We replay what has hurt us over in our heads, by the relationships we pick that will mirror parts of our past pain, by not letting go.  We hold onto so many memories that don't serve us.  We decide that remembering the things that hurt you will somehow keep you safe.  What keeps you safe is remembering what things worked, where you were happy and loved and comfortable and repeating that.  Pain is a part of the journey.  Suffering for decades around that pain isn't.  That is a choice.  

What are some memories where everything was great?  Where you were loved, supported, cared for and safe?  What if you looked at your history as a gift for yourself and others?  What if you changed your ideas around your history?  What if you changed the way you saw what happened to you and the language around it?  What happened to you could be what happened for you… for you to be who you are now, all the drama, all the joy, all the experiences are piling up to create the you that you are.  And you are pretty great.

xo

a

Fear Not...

Howdy there, Fear.  It is so powerful.  It fills all the spaces that love lives.  Fear can motivate us to do amazing things.  It can push us to make changes, it can make us seem like we are risky and brave.  Fear can look a lot like love in some ways.  Fear can bring people together and keep them there.  Fear can create community and solidarity.  Fear can bring things to the surface, can make you feel. Fear is humbling, fear is petrifying, fear is undeniable, fear refuses to let go.  We all use it, have it, are consumed by it at some point or another in our lives.  It is also unexpected sometimes… it just appears and brings us to our knees.  

Fear is the great mask, the great mimic.  It keeps you from doing anything that you are unfamiliar with and we say it is about having stability.  It stops you from growing your relationships, challenging what may not be serving you or working for you presently and instead of recognizing this resistance to growth as fear, we say it is because we promised to love and cherish… Love doesn't fear and fear doesn't love.  Fear makes you believe you are coming from a place that is about safety and strength when it is truly about the lack of those two things.  True strength isn't concerned with the unknowing.  True strength is the confidence to know that whatever the outcome all will be well and all will be able to be handled.  True safety is knowing that this body you are housed in is temporary and, on the grand scheme of things, that we are always ok, divinely so.  
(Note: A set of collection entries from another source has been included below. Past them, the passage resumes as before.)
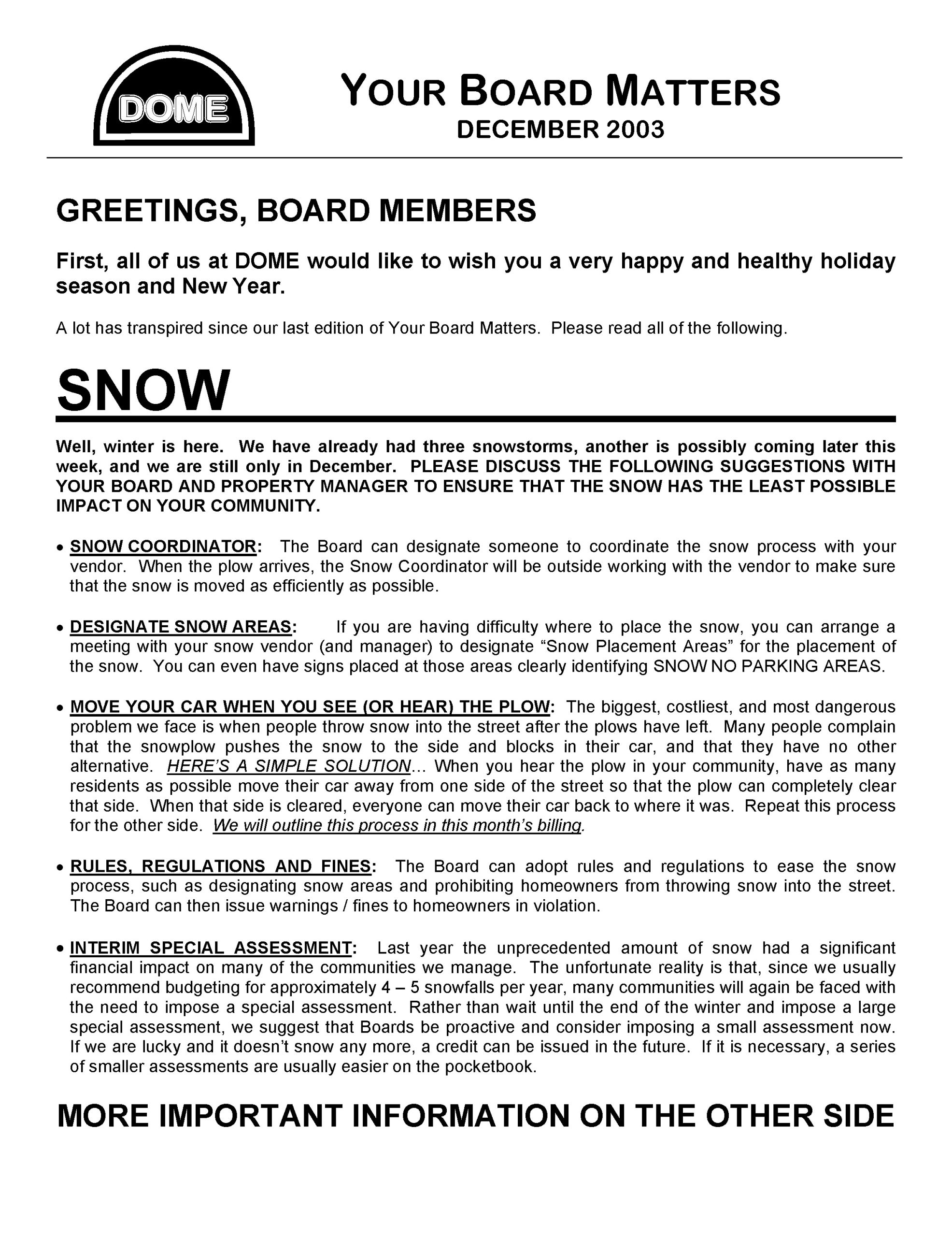 DOME Board Matters
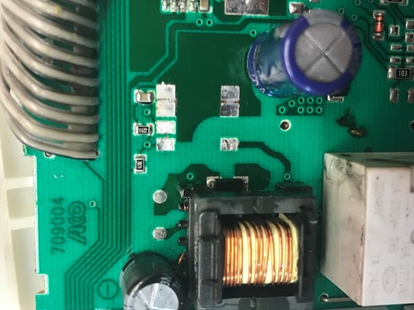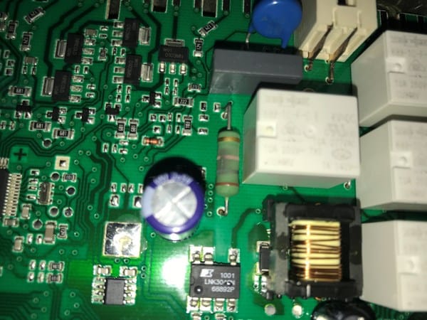 Hola a tod@s. El lavavajillas se me ha quedado sin encender, al desmontarlo todo, he observado que en la placa hay una resistencia quemada. La cuestión es que por el código de colores de la misma, parece que corresponde a una de 180M ohm, cosa que me parece exagerada para esa placa, por lo que os pido consejo sobre cual poner o por si alguien ha reparado o tiene alguna y me puede decir el valor exacto de la resistencia para no dañar más elementos. Es posible que al quemarse haya cambiado de color. He preguntado tiendas de electrónica y me dicen que esas placas suelen montar resistencias de no más de 150 ohm, e incluso he ido al servicio técnico y no saben decirme que valor tiene, que lo mande a fábrica o que cambie la placa entera (120€). A ver si me podéis echar una mano.
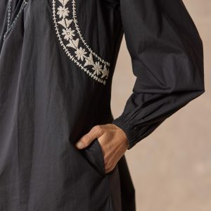 Easy to wear and bedecked with hand embroidery. this dress will quickly become a wardrobe staple. Organic cotton. Dry clean. Imported. Sizes XS (0–2). S (4–6). M (8–10). L (12–14). XL (16–18). Approx. 36l.
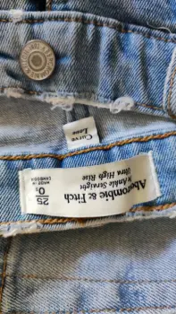 Pantalón Capri de mezclilla, talla 25/0. Pantalón tipo pescador de mezclilla azul claro, moderno, rasgado de ambas piernas, a la cintura.
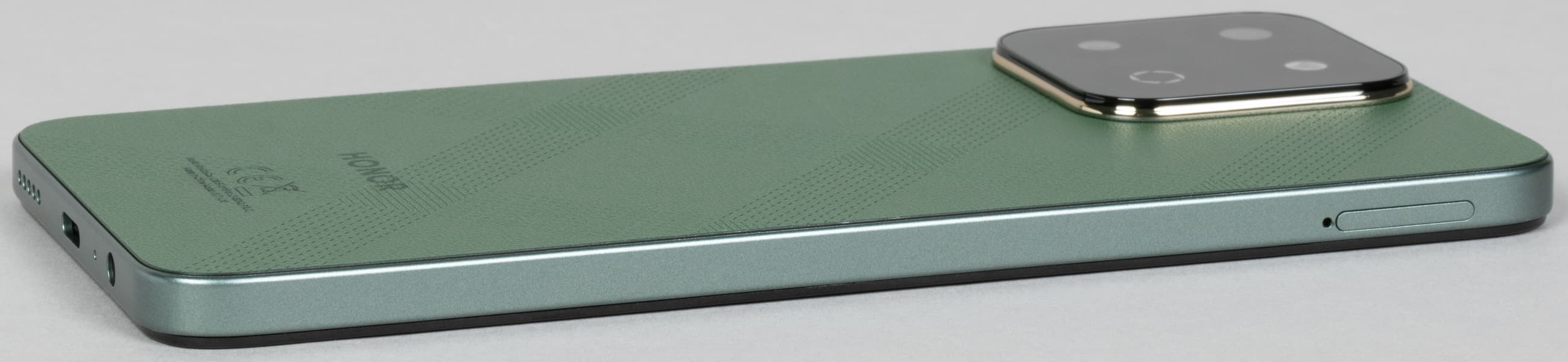 Смартфон Honor X7c представлен в нескольких цветовых решениях на выбор. Российские названия такие: «Лесной зеленый», «Полночный черный», «Лунный белый». От влаги и пыли корпус защищен по стандарту IP64. Первая цифра означает защиту от пыли, и с ней здесь всё хорошо, а вот цифра 4 означает лишь легкую защиту от брызг, погружать аппарат в воду не допускается. Смартфон получил прочный корпус, хорошо противостоящий внешним воздействиям.
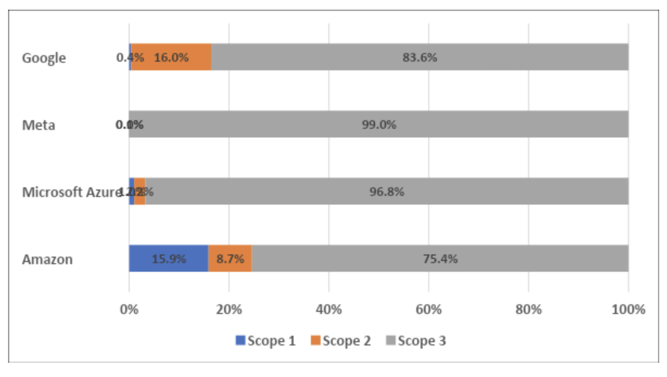 The example of the major cloud players indicates that a high majority of their carbon emissions now derive from Scope 3: 75.4% for Amazon Web Services 96.8% for Microsoft Azure; 83.6% for Google and 99% for Meta.
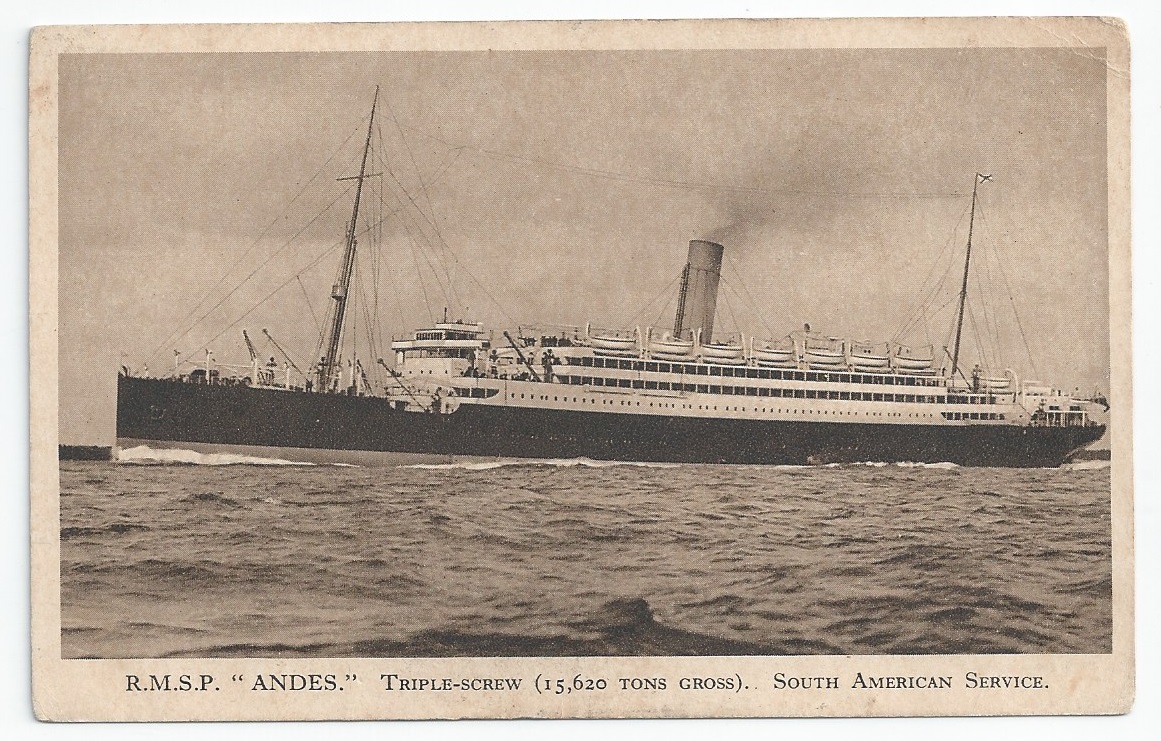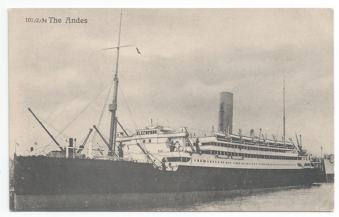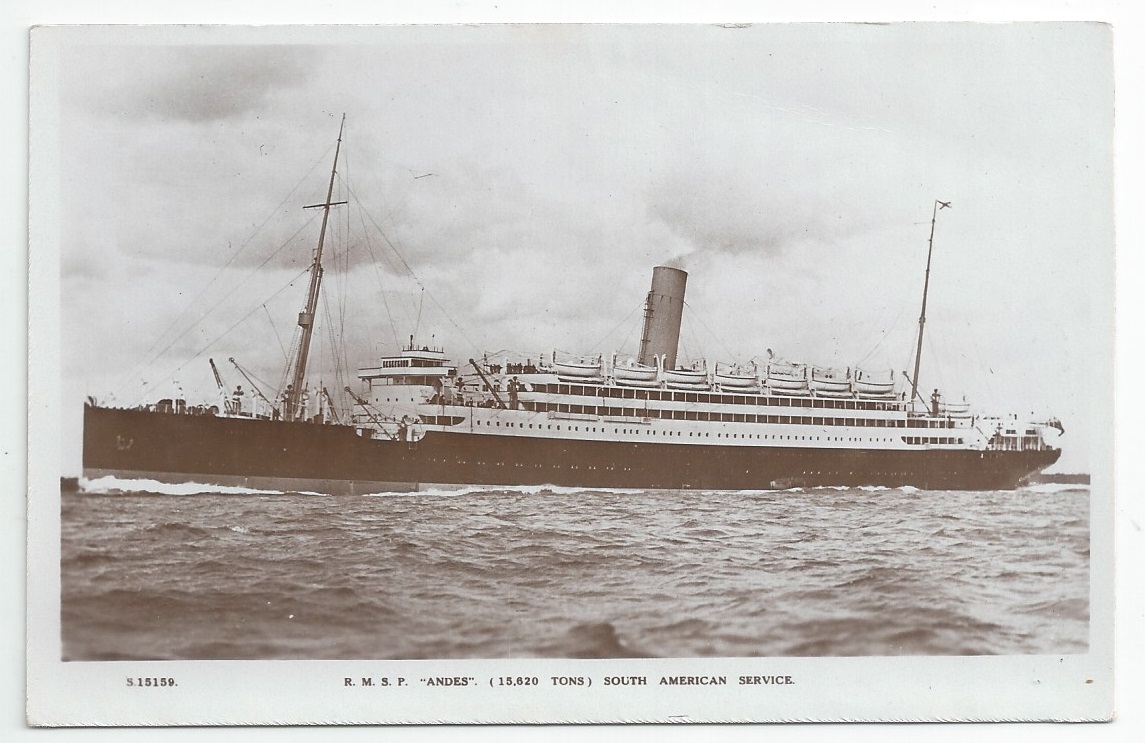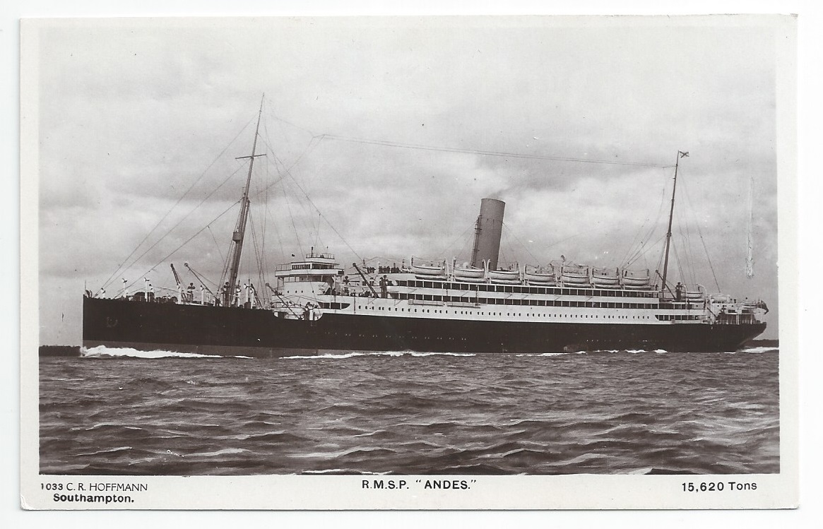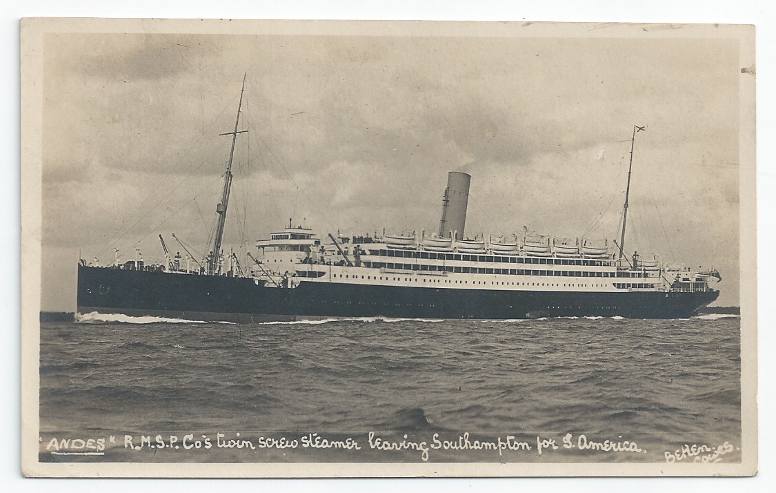 Andes leaving Southampton, 1921 Real photo postcard (Beken, Cowes)

Check your motivations.  Find out the reasons behind your decisions.  Learn to tell the difference between love and fear.  Fear leaves you with a bad taste in your mouth.  Fear keeps you depleted.  Fear is exhausting.  When you are living with fear as your guide you don't have a lot to give.  When fear is the impetus you are may feel defeated, powerless, withdrawn, nervous, lonely, desperate, angry, aggressive, irritated, pushy, self-righteous, dominating and guarded.  Your heart will be closed to most everyone, you may either feel that you know everything or that you know nothing.  Fear is extreme, fear is wild and unbalanced.  Fear is often present in most aspects of most people's lives.  Even yours.  

When you let love take over you are lifted.  You have a viewpoint that allows you to see the 8 sides of the Great Pyramid, you are flying, you rise.  See if you can feel, know, love the difference.